__What is being asked__
The response should be an exact transcription of the data below, free of images.

━━━ Data segment

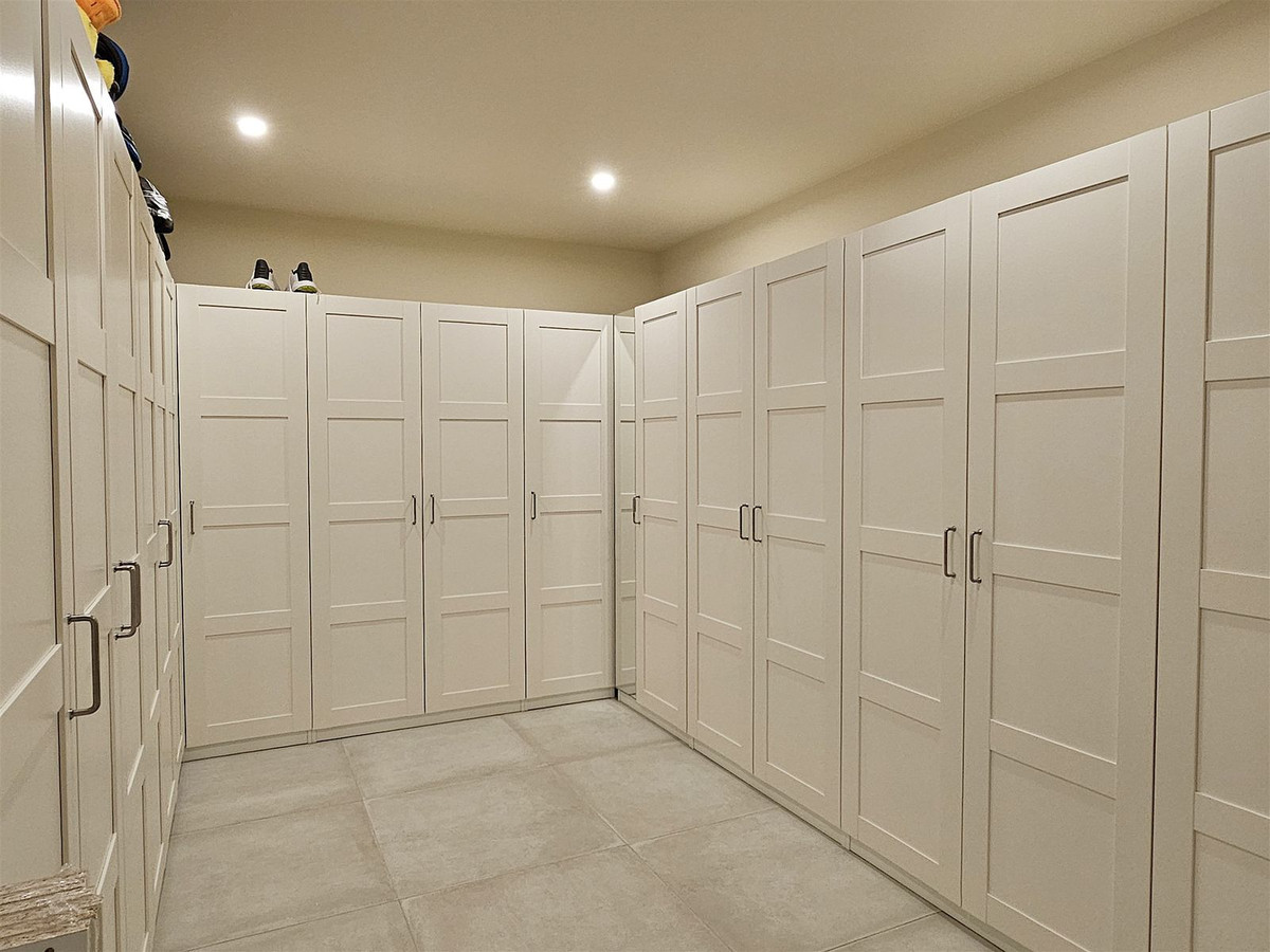 The lower basement level adds exceptional versatility, offering another spacious and bright double bedroom with fitted wardrobes, a separate large bathroom with walk-in shower, an expansive closet / storage area, laundry room, machine room, gym space, and a double garage with room for two vehicles.
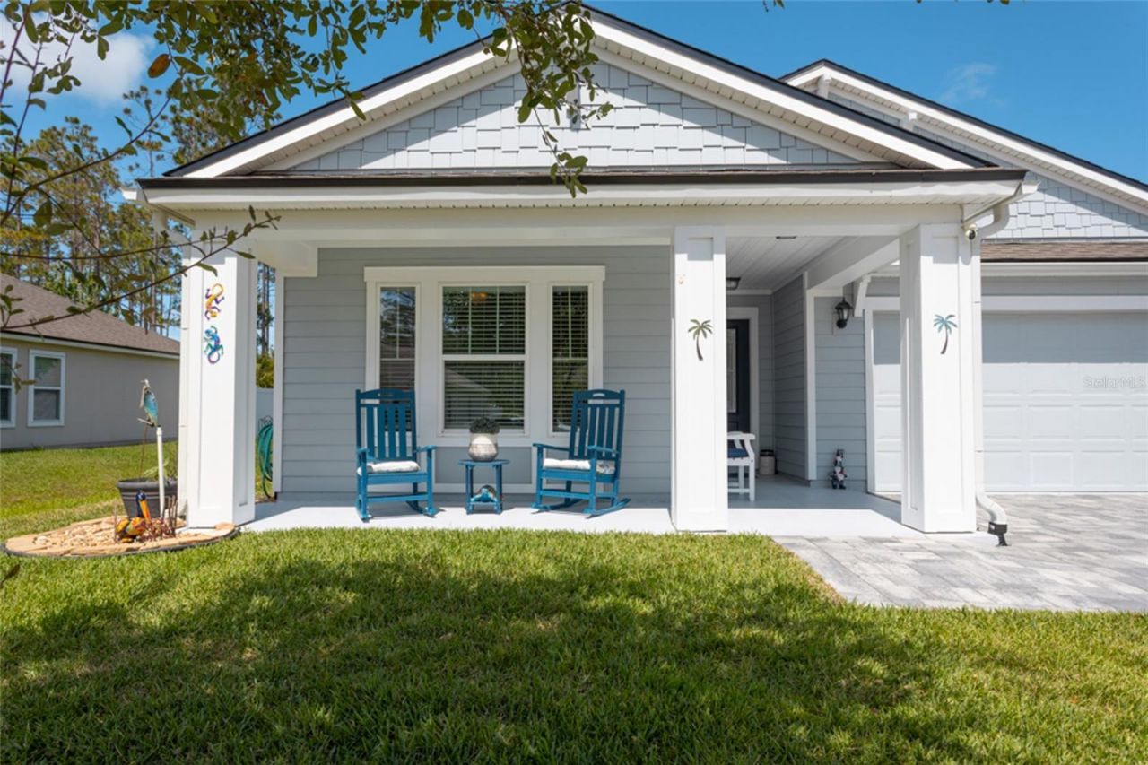 Welcome to this beautifully designed 2 Bedroom, 2 Bath home with a versatile Flex Room-perfect for a home office, den or guest space. The open-concept layout offers a seamless flow, ideal for both everyday living and entertaining. The spacious Kitchen is the heart of the home, featuring a large center island, elegant quartz countertops, lots of cabinets and a walk-in pantry that provides ample storage and convenience. Generous closet space throughout adds to the home's thoughtful design. The large primary en-suite touts a tray ceiing and 2 oversized walk-in closets. The primary bath has a large shower with built-in bench, a double sink vanity and linen closet. Upgrades include crown moldings, ceiling fans, recessed lighting and high ceilings. Step outside and enjoy a charming front porch and a screened lanai-perfect for relaxing and embracing the Florida lifestyle year-round. The paver driveway adds excellent curb appeal, leading to a spacious 2 car garage that offers both convenience and additional storage. Beautifully maintained. Located just a short 10 minute drive to Flagler Beach, this home also offers access to a resort-style gated community amenities, including a stunning infinity pool, fitness center, playground and dog park. This home combines comfort, style and an unbeatable location-ready for you to move in and enjoy! Note: There is no CDD fee in this gated community of Grand Landings.
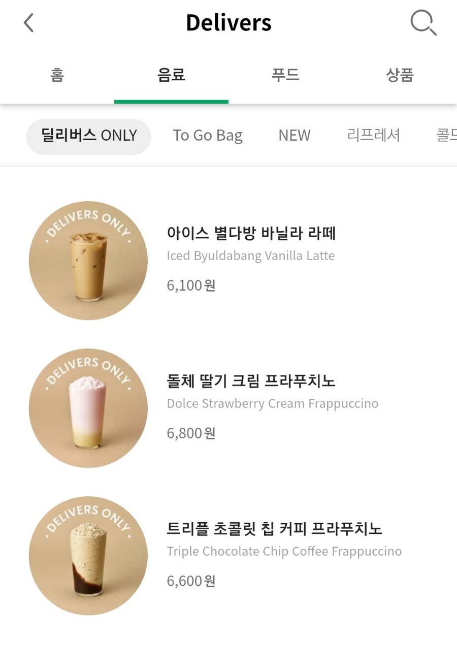 딜리버리온리 음료는 3가지 이고
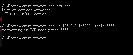 adb -s 127.0.0.1:62001 tcpip 55555

━━━━━━

__Final answer__
 The lower basement level adds exceptional versatility, offering another spacious and bright double bedroom with fitted wardrobes, a separate large bathroom with walk-in shower, an expansive closet / storage area, laundry room, machine room, gym space, and a double garage with room for two vehicles.
 Welcome to this beautifully designed 2 Bedroom, 2 Bath home with a versatile Flex Room-perfect for a home office, den or guest space. The open-concept layout offers a seamless flow, ideal for both everyday living and entertaining. The spacious Kitchen is the heart of the home, featuring a large center island, elegant quartz countertops, lots of cabinets and a walk-in pantry that provides ample storage and convenience. Generous closet space throughout adds to the home's thoughtful design. The large primary en-suite touts a tray ceiing and 2 oversized walk-in closets. The primary bath has a large shower with built-in bench, a double sink vanity and linen closet. Upgrades include crown moldings, ceiling fans, recessed lighting and high ceilings. Step outside and enjoy a charming front porch and a screened lanai-perfect for relaxing and embracing the Florida lifestyle year-round. The paver driveway adds excellent curb appeal, leading to a spacious 2 car garage that offers both convenience and additional storage. Beautifully maintained. Located just a short 10 minute drive to Flagler Beach, this home also offers access to a resort-style gated community amenities, including a stunning infinity pool, fitness center, playground and dog park. This home combines comfort, style and an unbeatable location-ready for you to move in and enjoy! Note: There is no CDD fee in this gated community of Grand Landings.
 딜리버리온리 음료는 3가지 이고
 adb -s 127.0.0.1:62001 tcpip 55555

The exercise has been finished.